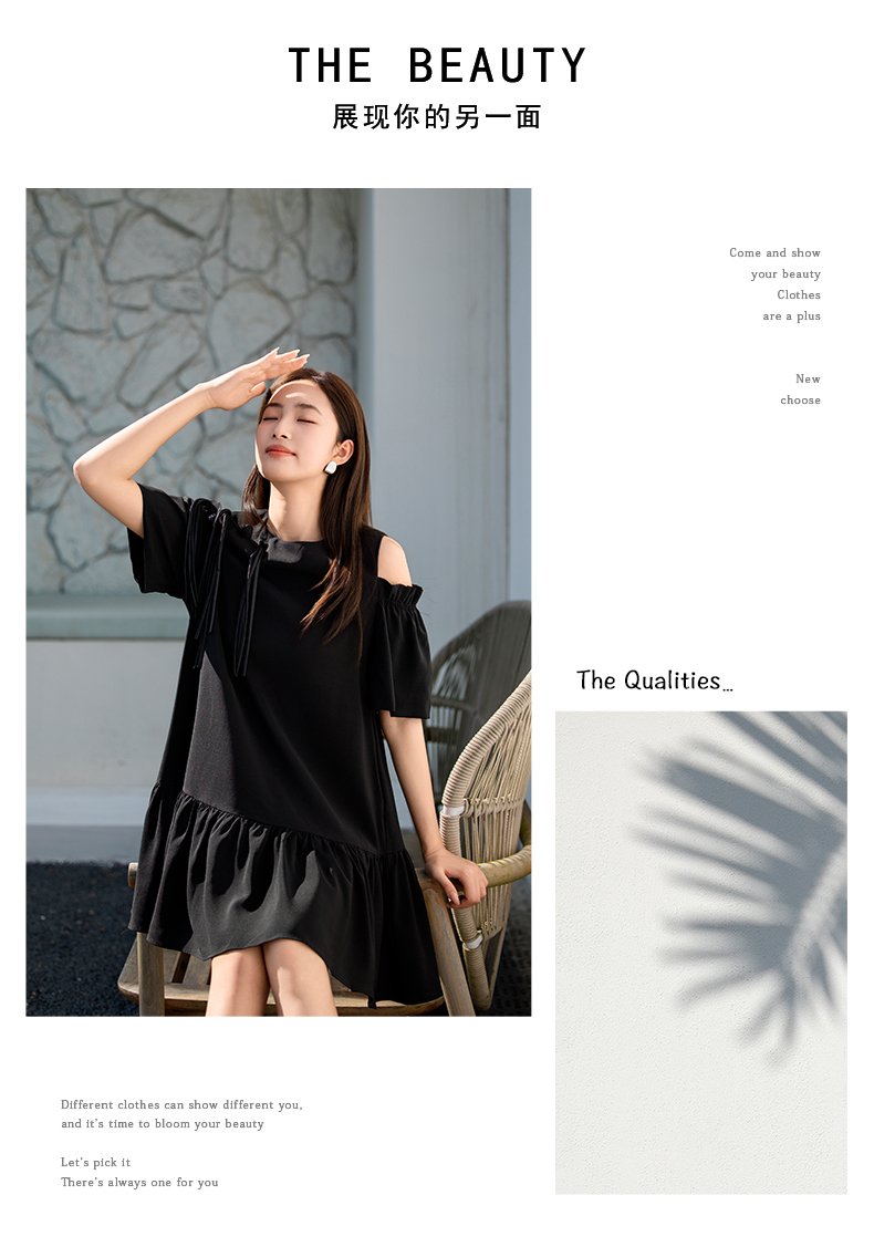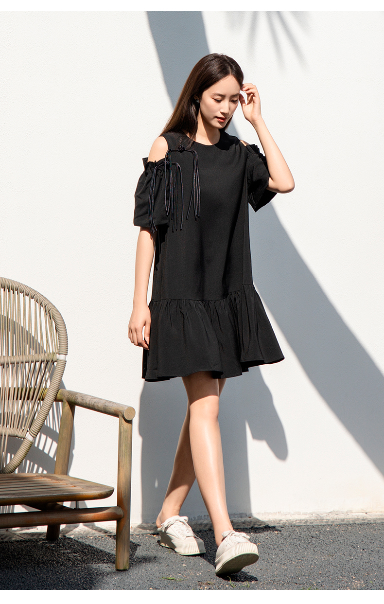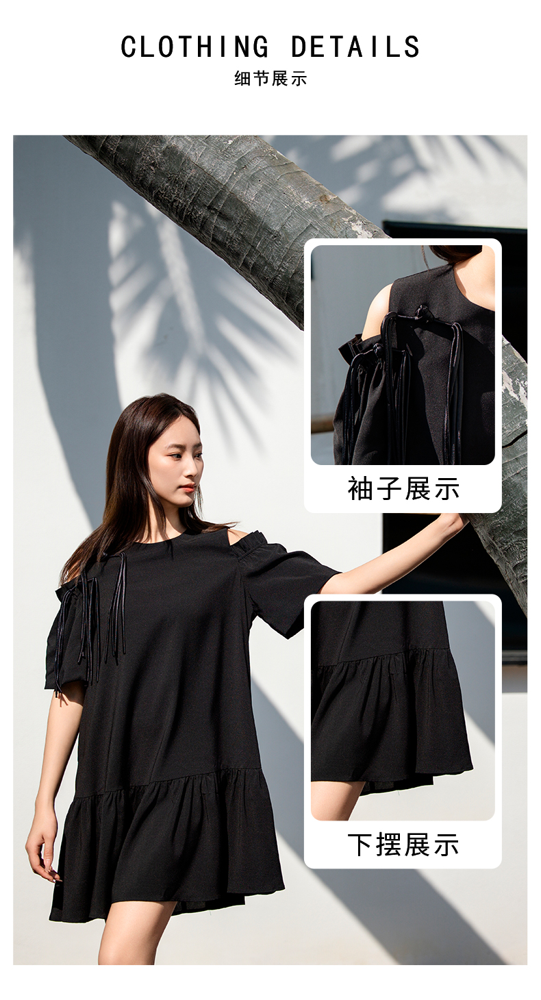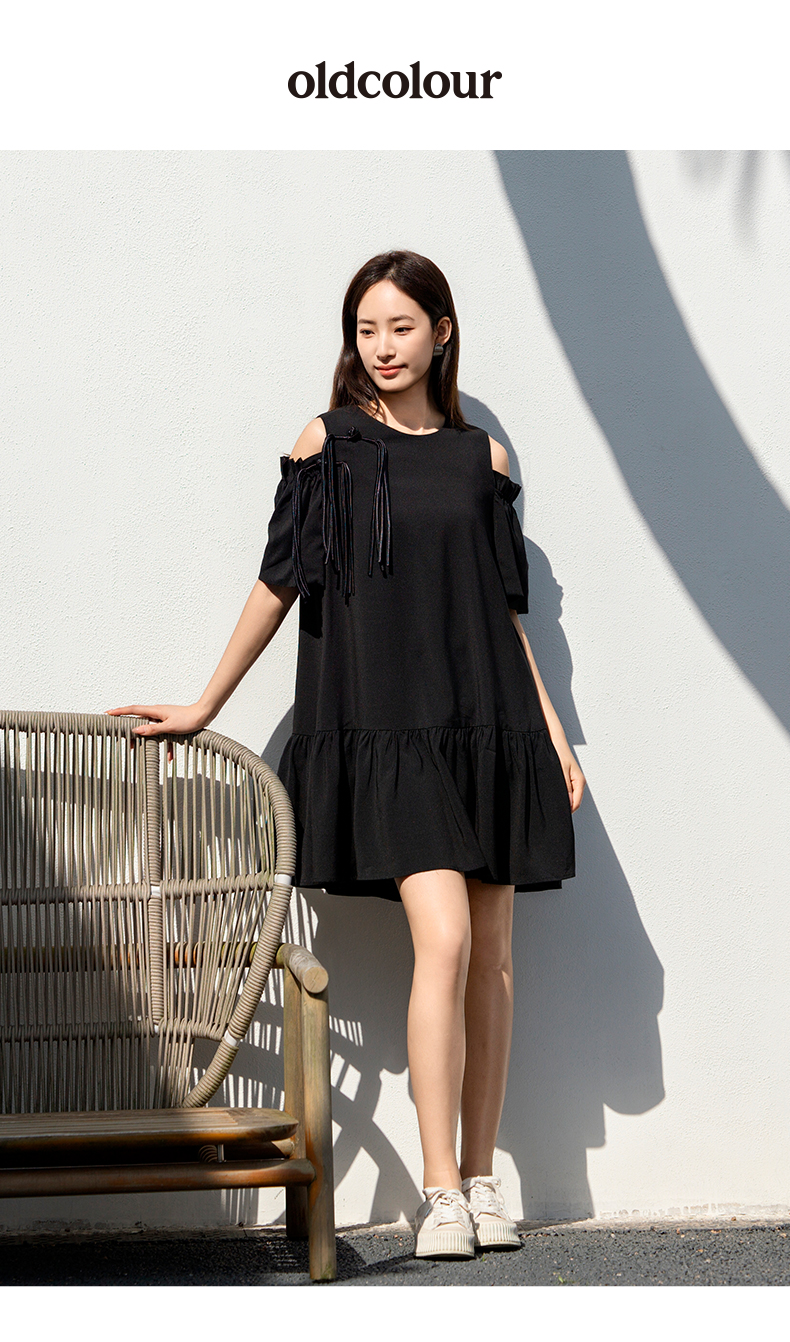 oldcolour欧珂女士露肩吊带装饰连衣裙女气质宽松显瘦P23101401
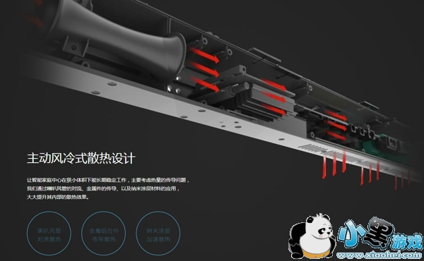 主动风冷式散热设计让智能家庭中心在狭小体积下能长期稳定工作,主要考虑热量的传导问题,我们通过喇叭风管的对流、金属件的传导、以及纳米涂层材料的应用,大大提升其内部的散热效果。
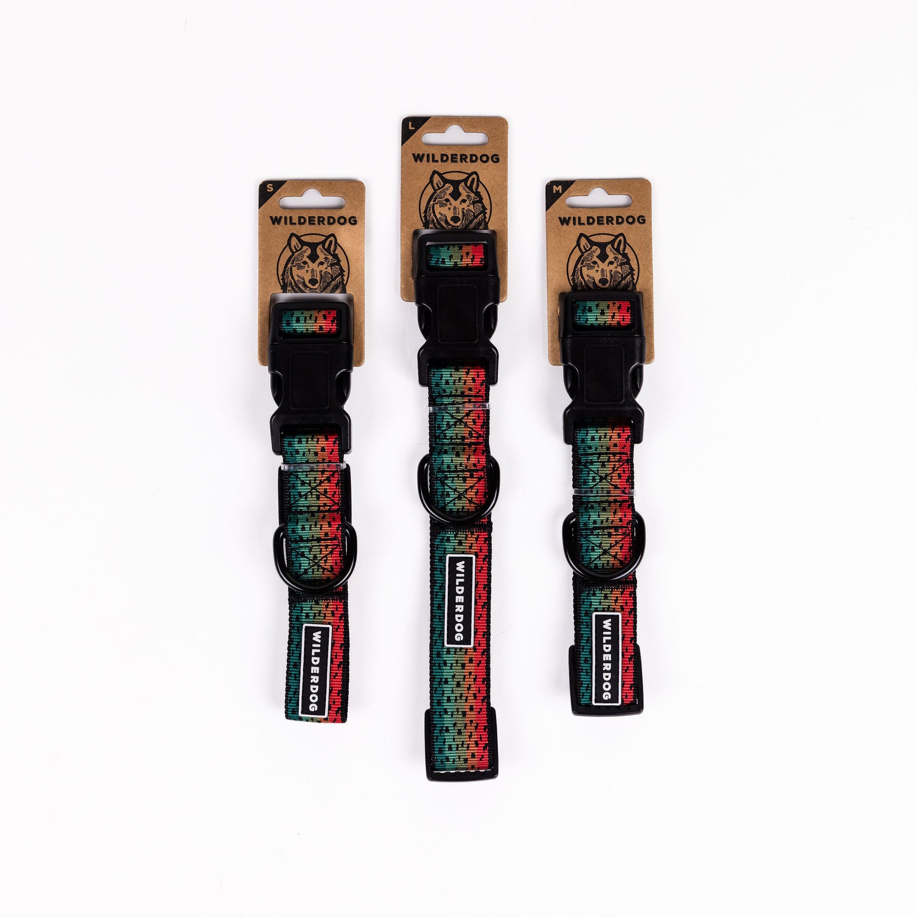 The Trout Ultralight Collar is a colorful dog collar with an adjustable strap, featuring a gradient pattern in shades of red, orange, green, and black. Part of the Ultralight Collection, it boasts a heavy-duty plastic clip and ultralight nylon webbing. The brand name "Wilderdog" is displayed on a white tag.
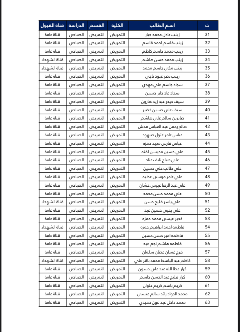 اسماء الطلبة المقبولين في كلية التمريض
= = =
Task statement
Each line above is to be repeated exactly as written; no picture is carried over.

Finished task
 oldcolour欧珂女士露肩吊带装饰连衣裙女气质宽松显瘦P23101401
 主动风冷式散热设计让智能家庭中心在狭小体积下能长期稳定工作,主要考虑热量的传导问题,我们通过喇叭风管的对流、金属件的传导、以及纳米涂层材料的应用,大大提升其内部的散热效果。
 The Trout Ultralight Collar is a colorful dog collar with an adjustable strap, featuring a gradient pattern in shades of red, orange, green, and black. Part of the Ultralight Collection, it boasts a heavy-duty plastic clip and ultralight nylon webbing. The brand name "Wilderdog" is displayed on a white tag.
 اسماء الطلبة المقبولين في كلية التمريض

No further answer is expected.